Comparing this result to the older answers that were posted also shows how they were basically moving in the correct direction but made mistakes along the way, too. Because arithmetical mistakes are easy to make, when one has the chance it's a good idea to check probabilistic calculations with simulations. For instance, the following R statement generates a large number of five-packs of drugs as described in the question (using the answer I obtained) and, to check my answer, computes the fraction with totals less than 7.5 ml:

mean(colSums(matrix(rnorm(5*1e6, 1.55, -0.25/qnorm(0.5/100) / sqrt(5)), nrow=5)) < 7.5)

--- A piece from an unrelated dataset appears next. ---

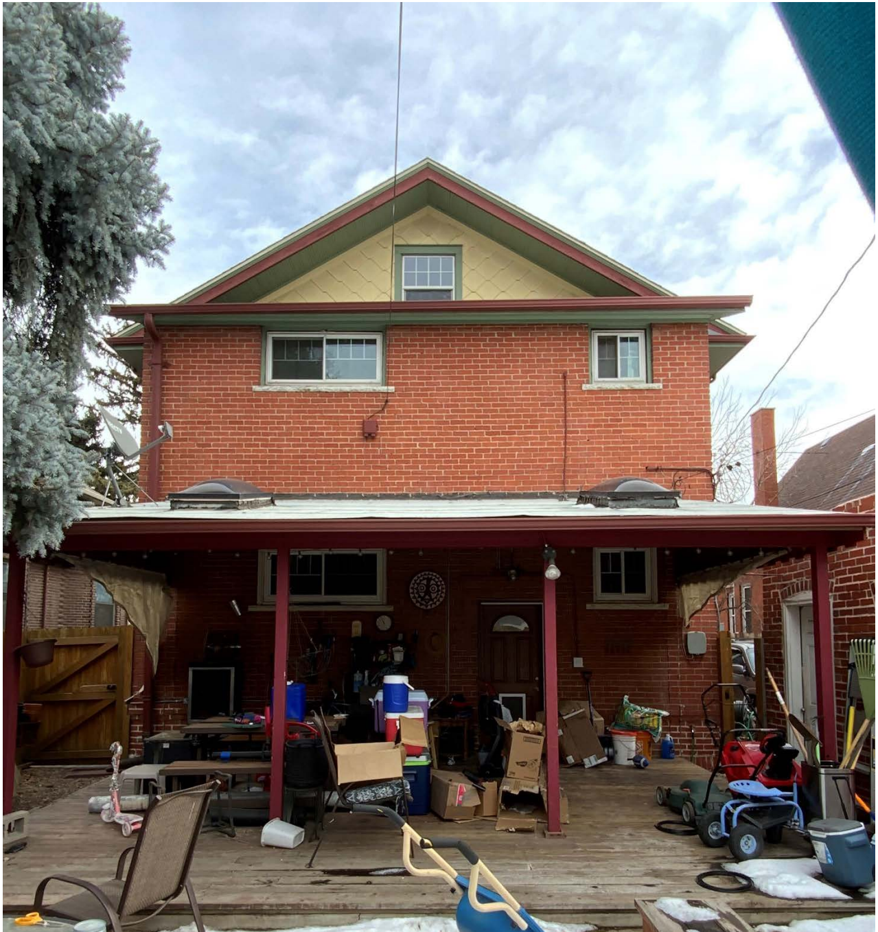
West Façade looking towards circulation extension and covered porch with bubble skylights (later addition). Original garage visible to the right of the porch.

(You can see all the data from the question embedded in this expression, along with the value 1e6 giving the number of five-packs to simulate.) When I run and re-run this code (which takes less than a second each time), I consistently obtain results between 0.0048 (0.48%) and 0.0052 (0.52%), in satisfactory agreement with the intended 0.5% target.

Answer 2

I think your understanding of the variance of the sum is mistaken. The variance of the 5-pack sum is 25 times the variance of the single pack.

Answer 3

\begin{align} 5\times 1.55 &= 7.75 \\ 5\times SD &= 5SD \end{align} Problem statement: $P(X<7.5)<0.005$ \begin{align} \frac{(7.5-7.75)}{(5SD^2)^{1/2}} &< 0.005 \\[8pt] \frac{-0.25}{2.576} &= (5SD^2)^{1/2} \\[5pt] &-0.0970 / 5^{(1/2)} \end{align} $0.0434$ as the standard deviation can never me negative, take the mod value.